Based off of the post https://github.com/TooTallNate/node-https-proxy-agent/issues/11 I thought the following would work:
var options = {
headers: {
'User-Agent': 'Mozilla/5.0 (Windows NT 6.3; Trident/7.0; rv:11.0) like Gecko',
'Accept-Language': 'en-us',
'Content-Language': 'en-us'
},
timeout: 0,
encoding: null
};
var proxyOptions = nodeurl.parse(process.env.HTTPS_PROXY);
proxyOptions.rejectUnauthorized = false;
options.agent = new ProxyAgent(proxyOptions);
const resp = await fetch('someurl', options);
return await resp.text();
but I still get the same error. So far the only way I've been able to get around this using node-fetch is to set NODE_TLS_REJECT_UNAUTHORIZED=0 in my environment which I don't really want to do. Can someone help show me how to get rejectUnauthorized to work with node-fetch (presumably using an agent but I don't honestly care how as long as it's specified as part of the request).
This is how I got this to work using rejectUnauthorized and the Fetch API in a Node.js app.
Keep in mind that using rejectUnauthorized is dangerous as it opens you up to potential security risks, as it circumvents a problematic certificate.
const fetch = require("node-fetch");
const https = require('https');
const httpsAgent = new https.Agent({
rejectUnauthorized: false,
});
async function getData() {
const resp = await fetch(
"https://myexampleapi.com/endpoint",
{
agent: httpsAgent,
},
)
const data = await resp.json()
return data
}
Use proxy
You should know that node-https-proxy-agent latest version have a problem and doesn't work with Fetch! You can use older version 3.x and down! And it will work! Otherwise Better you can use the node-tunnel module https://www.npmjs.com/package/tunnel! You can too use the wrapping module proxy-http-agent that is based on node-tunnel https://www.npmjs.com/package/proxy-http-agent! That provide automatic detection of protocol for the proxy! One method for all! And more options and affinity! And both of them support both http and https !
You can see the usage and see a good example of proxy building and setup in this module and repo (check the tests):
https://www.npmjs.com/package/net-proxy
https://github.com/Glitnirian/node-net-proxy#readme
ex:
import { ProxyServer } from 'net-proxy';
import { getProxyHttpAgent } from 'proxy-http-agent';
// ...
// __________ setting the proxy
const proxy = new ProxyServer({
port: proxyPort
});
proxy.server.on('data', (data: any) => { // accessing the server instance
console.log(data);
});
await proxy.awaitStartedListening(); // await server to start
// After server started
// ______________ making the call through the proxy to a server through http:
let proxyUrl = `http://localhost:${proxyPort}`; // Protocol from the proxy is automatically detected
let agent = getProxyHttpAgent({
proxy: proxyUrl,
endServerProtocol: 'http:' // the end server protocol (http://localhost:${localApiServerPort} for example)
});
const response = await fetch(`http://localhost:${localApiServerPort}`, {
method: 'GET',
agent
});
// ___________________ making a call through the proxy to a server through https:
agent = getProxyHttpAgent({
proxy: proxyUrl, // proxy as url string! We can use an object (as tunnel module require too)

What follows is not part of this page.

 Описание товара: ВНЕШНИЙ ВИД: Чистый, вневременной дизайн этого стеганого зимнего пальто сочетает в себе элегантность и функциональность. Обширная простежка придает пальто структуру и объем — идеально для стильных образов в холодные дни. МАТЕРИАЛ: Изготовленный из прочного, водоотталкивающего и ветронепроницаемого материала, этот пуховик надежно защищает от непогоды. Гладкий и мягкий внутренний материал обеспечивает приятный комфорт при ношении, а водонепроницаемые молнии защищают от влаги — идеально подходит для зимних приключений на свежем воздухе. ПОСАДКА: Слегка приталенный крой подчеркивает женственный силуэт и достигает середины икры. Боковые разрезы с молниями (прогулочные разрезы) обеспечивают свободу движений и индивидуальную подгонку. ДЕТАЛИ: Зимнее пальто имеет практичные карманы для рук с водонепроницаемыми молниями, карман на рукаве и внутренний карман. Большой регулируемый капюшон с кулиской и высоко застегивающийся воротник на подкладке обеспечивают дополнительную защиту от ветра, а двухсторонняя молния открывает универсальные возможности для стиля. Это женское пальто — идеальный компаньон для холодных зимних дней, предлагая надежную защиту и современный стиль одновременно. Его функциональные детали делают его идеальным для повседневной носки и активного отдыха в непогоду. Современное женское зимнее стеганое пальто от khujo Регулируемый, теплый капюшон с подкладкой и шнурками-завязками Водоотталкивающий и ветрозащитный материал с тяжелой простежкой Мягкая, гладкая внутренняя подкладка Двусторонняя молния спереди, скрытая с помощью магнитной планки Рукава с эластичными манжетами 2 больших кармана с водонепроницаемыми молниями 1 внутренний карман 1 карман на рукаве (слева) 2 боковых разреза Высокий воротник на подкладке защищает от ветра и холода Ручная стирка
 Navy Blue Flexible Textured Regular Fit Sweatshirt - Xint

rejectUnauthorized: false // <==== here it go
});
const response2 = await fetch(`https://localhost:${localApiHttpsServerPort}`, {
method: 'GET',
agent
});
You can see more examples and details in the doc here:
https://www.npmjs.com/package/proxy-http-agent
And you can too use directly node-tunnel! But the package is just a simple wrapper! That make it more simpler!
Add rejectUnauthorized
For the one that doesn't know well!
As per this thread
https://github.com/node-fetch/node-fetch/issues/15
We use the https.Agent to pass the rejectUnauthorized parameter!

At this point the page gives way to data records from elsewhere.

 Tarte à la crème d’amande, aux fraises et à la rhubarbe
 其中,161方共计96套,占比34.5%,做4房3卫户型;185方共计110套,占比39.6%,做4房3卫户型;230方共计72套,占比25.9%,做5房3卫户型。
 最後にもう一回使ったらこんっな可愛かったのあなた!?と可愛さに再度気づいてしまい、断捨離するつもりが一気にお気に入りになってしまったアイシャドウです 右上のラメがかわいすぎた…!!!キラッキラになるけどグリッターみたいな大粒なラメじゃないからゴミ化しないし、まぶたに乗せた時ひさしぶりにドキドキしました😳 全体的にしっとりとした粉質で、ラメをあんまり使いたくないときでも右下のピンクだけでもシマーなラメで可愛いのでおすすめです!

const agent = new https.Agent({
key: fs.readFileSync(`${CERT_PATH}.key`),
cert: fs.readFileSync(`${CERT_PATH}.crt`),
rejectUnauthorized: false
})
A complete example
import https from "https";
const agent = new https.Agent({
rejectUnauthorized: false
});
fetch(myUrl, { agent });
For fetch you can too use an environment variable as follow
process.env.NODE_TLS_REJECT_UNAUTHORIZED = "0";
This way it gonna be set globaly and not per each call! Which may be more appropriate if you are using a constant proxy! For all calls! As when sitting behind the company proxy!
why
By default node fetch! And most of the http requests clients! All use the security and insure a valid ssl Certificate when using https!
To disable this behavior we need to disable that check somehow!

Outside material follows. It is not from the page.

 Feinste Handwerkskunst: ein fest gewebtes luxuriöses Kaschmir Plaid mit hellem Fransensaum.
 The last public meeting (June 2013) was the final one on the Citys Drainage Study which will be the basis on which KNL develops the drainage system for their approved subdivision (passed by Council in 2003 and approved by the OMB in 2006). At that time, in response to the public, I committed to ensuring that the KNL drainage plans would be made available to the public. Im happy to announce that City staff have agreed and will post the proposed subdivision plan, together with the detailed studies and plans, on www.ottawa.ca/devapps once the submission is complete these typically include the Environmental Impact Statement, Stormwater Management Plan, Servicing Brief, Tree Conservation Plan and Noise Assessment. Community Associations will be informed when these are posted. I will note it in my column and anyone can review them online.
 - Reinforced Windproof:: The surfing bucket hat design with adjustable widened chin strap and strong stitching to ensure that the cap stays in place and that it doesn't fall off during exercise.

Depending on the libs it may be different!
For fetch that's how it's done!
With http.request! (underlying)
const https = require('https');
const options = {
hostname: 'encrypted.google.com',
port: 443,
path: '/',
method: 'GET',
rejectUnauthorized: false /// <<<== here
};
const req = https.request(options, (res) => {
console.log('statusCode:', res.statusCode);
console.log('headers:', res.headers);
res.on('data', (d) => {
process.stdout.write(d);
});
});
req.on('error', (e) => {
console.error(e);
});
req.end();
check this:
https://nodejs.org/api/https.html#https_https_request_url_options_callback
Also it's part of tls.connect Options
Which you can check here
https://nodejs.org/api/tls.html#tls_tls_connect_options_callback

How to send GET request without downloading response content using node-requests?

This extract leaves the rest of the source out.